Summary and conclusions

A new and improved set of Swarm precise science orbits has been generated from observations of the onboard GPS receivers using refined processing concepts. Key changes include the use of a macro-model for enhanced non-gravitational force modeling and the use of carrier phase ambiguity fixing, which has become possible after correction of half-cycle ambiguities in the raw GPS measurements.

Only a limited benefit of the refined macro-modeling can be noted in the reduced dynamic orbit solution, which still requires substantial empirical accelerations to compensate force modeling deficiencies at the low altitude. On the other hand, both the reduced dynamic and kinematic orbit solutions show a notable improvement as a result of the carrier phase ambiguity fixing. Overall a 30% reduction of orbit errors in the reduced dynamic orbits can be inferred from the analysis of satellite laser ranging measurement. With errors of about 0.5–1 cm in each axis, the new ambiguity-fixed Swarm solution can contribute to the calibration of SLR station coordinates and range biases as well as the independent validation of the SLR–GPS frame tie.

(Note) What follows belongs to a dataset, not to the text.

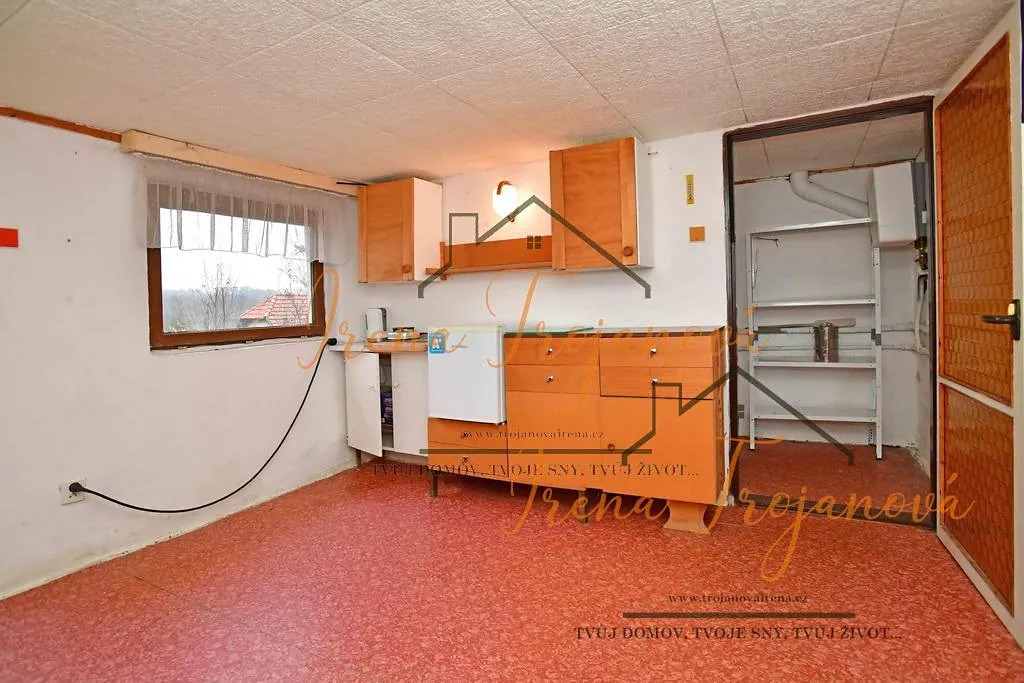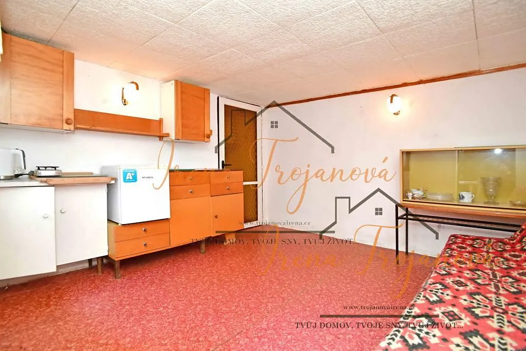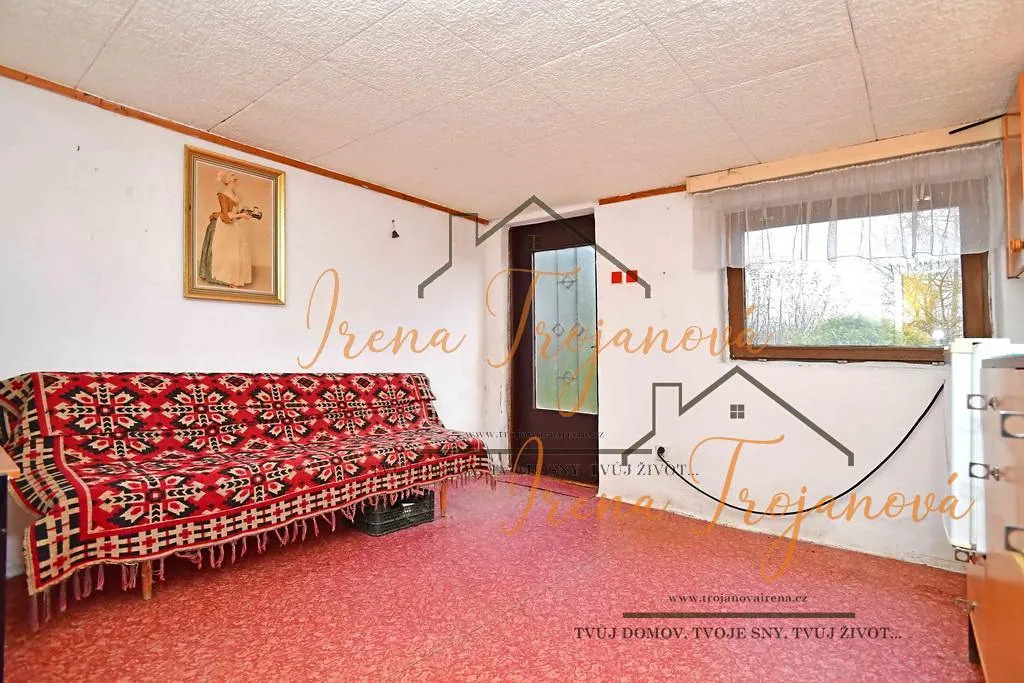 Chata je postavena ve svahu na zděné podezdívce, nepodsklepená, střecha sedlová. V přízemí se nachází malá kuchyňka s obývacím pokojem se vstupem na terasu orientovanou na JZ a koupelna s vanou. Do patra se dostanete z druhé části chaty, kde se nachází pokoj s výhledem do krajiny a WC. Na podlaze je lino, okna jsou nová dřevěná. Vytápění je řešeno kamny a přímotopy, odpad septikem. Elektroinstalace 220 i 380. Kopaná studna je společná pro 3 chaty s dostatečným množstvím vody. Teplou vodu zajišťuje průtokový ohřívač. Orientace oken na východ, jih a západ. Svažitý pozemek je terasovitě řešený, najdete zde vzrostlé stromy a skalky, zahradní domek a dřevník. Možnost parkování u pozemku. Příjezd po místní komunikaci, která je asfaltová.
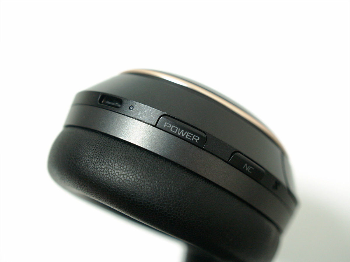 왼쪽에는 Type-C 충전 포트., 상태표시 LED, 전원 버튼, 노이즈 캔슬링 전환 버튼이 있습니다. 900 LEGACY 헤드폰은 외부의 소리를 차단해주는 노이즈 캔슬링과 외부의 소리를 그대로 들려주는 트랜스패어런시 기능을 가지고 있습니다. NC 버튼을 누르게 되면 노이즈캔슬링 <-> 트랜스패어런시 모드로 변환이 되지만 다른 제품과는 조금 다르게 이 기능을 모두 끌 수는 없습니다. (스위치처럼 두개 중 한개는 반드시 활성화 상태가 됩니다.) 저는 이 부분이 불편하지는 않았지만 혹시나 해당 기능을 모두 끄고 사용하려는 분들이라면 꼭 참고하시기 바랍니다.

For the kinematic orbits, a 50% overall performance improvement is achieved, and orbit errors relative to a reduced dynamic solution show white noise characteristics over extended time scales. This marks a major improvement over the past release of kinematic precise science orbits that suffer from increased errors at time scales of 15 min and up. The improved kinematic solutions may thus contribute to refining Swarm gravity field solutions at low degree and order.